= Sons of the Yellow Emperor =

1990 non-fiction book by Lynn Pan

Sons of the Yellow Emperor: A History of the Chinese Diaspora is a non-fiction book by Lynn Pan. It was published in 1990 by Little, Brown & Company. It was published by Secker & Warburg in the United Kingdom. Kodansha America published later editions of the book.

The book covers the Chinese diaspora worldwide from 1500 to the time of publication of the book. Andrew J. Nathan stated that the book describes anti-Chinese discrimination "without preaching". Much of the primary sourcing comes from Western people.

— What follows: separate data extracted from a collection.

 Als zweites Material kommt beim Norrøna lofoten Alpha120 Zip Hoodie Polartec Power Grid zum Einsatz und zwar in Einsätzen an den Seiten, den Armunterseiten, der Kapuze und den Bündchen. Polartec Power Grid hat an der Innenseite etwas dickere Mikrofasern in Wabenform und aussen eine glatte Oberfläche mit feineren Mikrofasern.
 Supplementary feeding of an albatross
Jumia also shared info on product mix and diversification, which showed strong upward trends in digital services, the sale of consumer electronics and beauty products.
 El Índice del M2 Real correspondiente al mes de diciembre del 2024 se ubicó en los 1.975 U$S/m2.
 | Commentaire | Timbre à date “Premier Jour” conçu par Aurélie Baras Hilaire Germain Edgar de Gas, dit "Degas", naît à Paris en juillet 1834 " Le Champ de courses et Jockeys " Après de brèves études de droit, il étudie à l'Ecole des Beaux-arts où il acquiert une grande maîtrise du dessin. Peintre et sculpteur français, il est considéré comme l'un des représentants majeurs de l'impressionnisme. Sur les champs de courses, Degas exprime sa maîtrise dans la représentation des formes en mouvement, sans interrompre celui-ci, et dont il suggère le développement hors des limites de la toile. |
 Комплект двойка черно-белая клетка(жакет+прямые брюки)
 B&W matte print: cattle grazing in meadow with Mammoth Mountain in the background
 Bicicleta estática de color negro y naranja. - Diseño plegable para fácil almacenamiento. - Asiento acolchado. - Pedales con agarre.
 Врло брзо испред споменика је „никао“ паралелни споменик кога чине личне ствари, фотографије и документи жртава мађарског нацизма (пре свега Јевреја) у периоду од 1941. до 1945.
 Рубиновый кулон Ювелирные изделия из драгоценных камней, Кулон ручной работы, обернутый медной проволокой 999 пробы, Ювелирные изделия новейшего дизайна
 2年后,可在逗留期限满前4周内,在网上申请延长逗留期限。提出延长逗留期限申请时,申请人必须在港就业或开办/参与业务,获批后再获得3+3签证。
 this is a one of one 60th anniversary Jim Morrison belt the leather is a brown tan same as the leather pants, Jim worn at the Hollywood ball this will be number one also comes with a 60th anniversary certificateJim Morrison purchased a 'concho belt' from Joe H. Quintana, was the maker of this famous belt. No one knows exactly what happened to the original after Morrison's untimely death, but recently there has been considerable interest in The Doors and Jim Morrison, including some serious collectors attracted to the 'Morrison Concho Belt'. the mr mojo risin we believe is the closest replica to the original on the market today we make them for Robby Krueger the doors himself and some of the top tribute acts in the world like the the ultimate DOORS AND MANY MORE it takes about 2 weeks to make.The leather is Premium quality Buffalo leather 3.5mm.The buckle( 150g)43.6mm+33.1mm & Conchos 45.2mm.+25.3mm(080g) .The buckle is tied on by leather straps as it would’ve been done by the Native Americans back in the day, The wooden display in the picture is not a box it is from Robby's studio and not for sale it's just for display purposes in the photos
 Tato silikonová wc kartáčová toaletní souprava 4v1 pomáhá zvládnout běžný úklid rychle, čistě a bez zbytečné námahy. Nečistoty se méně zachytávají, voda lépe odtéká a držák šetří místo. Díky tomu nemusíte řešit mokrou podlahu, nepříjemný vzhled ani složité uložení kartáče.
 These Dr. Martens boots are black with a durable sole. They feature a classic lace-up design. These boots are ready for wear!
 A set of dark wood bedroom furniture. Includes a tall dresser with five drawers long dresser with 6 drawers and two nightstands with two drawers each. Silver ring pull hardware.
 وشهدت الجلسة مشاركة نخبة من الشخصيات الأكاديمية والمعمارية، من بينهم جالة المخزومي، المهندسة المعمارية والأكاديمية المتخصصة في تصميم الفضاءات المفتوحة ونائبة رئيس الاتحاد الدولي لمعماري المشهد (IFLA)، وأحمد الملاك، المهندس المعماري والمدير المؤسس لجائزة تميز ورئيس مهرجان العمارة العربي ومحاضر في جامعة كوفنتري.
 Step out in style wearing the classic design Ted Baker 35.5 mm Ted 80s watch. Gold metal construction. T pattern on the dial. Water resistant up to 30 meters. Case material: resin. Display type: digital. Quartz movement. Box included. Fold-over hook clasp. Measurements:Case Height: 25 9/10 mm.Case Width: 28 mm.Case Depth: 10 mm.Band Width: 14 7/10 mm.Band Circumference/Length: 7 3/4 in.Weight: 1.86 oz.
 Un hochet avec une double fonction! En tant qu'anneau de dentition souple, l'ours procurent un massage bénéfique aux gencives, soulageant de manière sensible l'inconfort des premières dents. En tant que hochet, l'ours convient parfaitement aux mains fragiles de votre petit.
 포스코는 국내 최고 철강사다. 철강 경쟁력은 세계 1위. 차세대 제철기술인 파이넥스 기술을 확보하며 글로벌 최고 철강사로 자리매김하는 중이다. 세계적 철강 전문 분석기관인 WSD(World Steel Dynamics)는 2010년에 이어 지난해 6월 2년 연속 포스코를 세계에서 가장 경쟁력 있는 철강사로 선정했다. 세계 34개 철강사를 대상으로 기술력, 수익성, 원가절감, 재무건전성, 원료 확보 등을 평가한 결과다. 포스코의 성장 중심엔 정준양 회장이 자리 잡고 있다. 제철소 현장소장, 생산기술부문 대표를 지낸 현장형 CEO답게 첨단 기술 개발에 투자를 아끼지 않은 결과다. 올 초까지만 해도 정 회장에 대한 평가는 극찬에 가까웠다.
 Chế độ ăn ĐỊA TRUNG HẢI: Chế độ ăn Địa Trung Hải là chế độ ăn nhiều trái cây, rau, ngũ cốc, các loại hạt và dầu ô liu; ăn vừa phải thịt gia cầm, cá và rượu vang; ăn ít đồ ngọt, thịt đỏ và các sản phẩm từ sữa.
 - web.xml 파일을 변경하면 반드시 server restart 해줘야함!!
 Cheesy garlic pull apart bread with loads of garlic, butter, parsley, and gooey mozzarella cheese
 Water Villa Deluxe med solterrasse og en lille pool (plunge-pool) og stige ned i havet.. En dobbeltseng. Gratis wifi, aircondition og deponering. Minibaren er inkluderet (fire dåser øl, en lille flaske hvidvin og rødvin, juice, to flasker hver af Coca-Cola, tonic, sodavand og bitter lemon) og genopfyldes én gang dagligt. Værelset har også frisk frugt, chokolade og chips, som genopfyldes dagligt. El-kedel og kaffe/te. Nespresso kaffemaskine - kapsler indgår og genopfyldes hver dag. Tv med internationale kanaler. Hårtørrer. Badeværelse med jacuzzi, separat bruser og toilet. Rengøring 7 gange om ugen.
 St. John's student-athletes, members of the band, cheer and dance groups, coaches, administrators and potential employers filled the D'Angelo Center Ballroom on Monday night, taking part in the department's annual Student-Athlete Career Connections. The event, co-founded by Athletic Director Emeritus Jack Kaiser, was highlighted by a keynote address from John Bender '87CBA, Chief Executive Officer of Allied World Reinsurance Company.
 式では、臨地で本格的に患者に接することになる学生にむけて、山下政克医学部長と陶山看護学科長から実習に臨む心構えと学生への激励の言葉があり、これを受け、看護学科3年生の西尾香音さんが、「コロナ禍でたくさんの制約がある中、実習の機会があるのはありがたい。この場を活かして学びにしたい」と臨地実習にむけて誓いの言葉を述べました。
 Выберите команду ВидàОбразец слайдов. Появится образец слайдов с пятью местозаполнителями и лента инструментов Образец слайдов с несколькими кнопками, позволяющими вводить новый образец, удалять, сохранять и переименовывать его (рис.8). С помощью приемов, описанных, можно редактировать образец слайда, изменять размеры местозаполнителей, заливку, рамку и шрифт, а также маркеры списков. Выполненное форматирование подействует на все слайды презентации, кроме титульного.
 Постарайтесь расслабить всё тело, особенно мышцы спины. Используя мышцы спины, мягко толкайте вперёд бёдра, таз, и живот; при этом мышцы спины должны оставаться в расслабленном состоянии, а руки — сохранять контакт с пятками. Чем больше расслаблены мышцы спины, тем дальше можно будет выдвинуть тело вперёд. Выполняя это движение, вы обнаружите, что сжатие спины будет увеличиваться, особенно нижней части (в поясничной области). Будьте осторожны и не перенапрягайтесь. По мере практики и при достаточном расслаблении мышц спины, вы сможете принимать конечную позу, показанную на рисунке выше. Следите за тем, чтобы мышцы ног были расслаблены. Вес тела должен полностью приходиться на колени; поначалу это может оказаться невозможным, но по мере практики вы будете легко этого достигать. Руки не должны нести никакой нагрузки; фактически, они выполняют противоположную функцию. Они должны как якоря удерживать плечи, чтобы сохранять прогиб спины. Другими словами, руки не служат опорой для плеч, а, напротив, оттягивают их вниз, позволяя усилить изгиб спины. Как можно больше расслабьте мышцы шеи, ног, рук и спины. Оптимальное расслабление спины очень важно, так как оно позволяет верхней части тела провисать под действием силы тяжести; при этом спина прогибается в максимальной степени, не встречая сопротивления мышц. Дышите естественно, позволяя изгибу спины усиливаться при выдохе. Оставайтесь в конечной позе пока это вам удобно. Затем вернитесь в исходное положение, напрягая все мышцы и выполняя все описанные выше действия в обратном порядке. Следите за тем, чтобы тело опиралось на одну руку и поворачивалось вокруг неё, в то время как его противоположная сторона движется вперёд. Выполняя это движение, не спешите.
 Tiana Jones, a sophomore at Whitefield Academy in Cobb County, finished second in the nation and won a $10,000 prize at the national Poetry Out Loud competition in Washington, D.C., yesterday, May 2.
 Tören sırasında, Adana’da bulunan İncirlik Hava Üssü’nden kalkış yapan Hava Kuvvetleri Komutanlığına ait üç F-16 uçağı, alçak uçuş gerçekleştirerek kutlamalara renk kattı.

Edgar Wickberg of the University of British Columbia wrote that it is "the first serious and sustained narrative treatment of [its topic] as an[sic] historical phenomenon." According to Wickberg, much of the content focuses on Hong Kong, Malaysia, Singapore, the United Kingdom, and the United States, with some other portions related to Indonesia, the Philippines, and Thailand.

==Contents==
One chapter is "Jews of the East," which describes how ethnic Chinese became economically powerful in various countries, "Trojan Horse" describes perceptions of ethnic Chinese devotion to the countries they are in and/or to their mother country. Restrictions against ethnic Chinese participating in the economies and how ethnic Chinese dealt with the issue are in "Crooks or Capitalists". There is also a chapter on "Cultural and National Identities" which explores how strongly ethnic Chinese feel connections to China and/or to other countries. The chapter "Hybrids" describes intermarriages between ethnic Chinese and other ethnic groups.

==Reception==

Betty Lee Sung of City College of New York wrote that "The book is valuable for its overview".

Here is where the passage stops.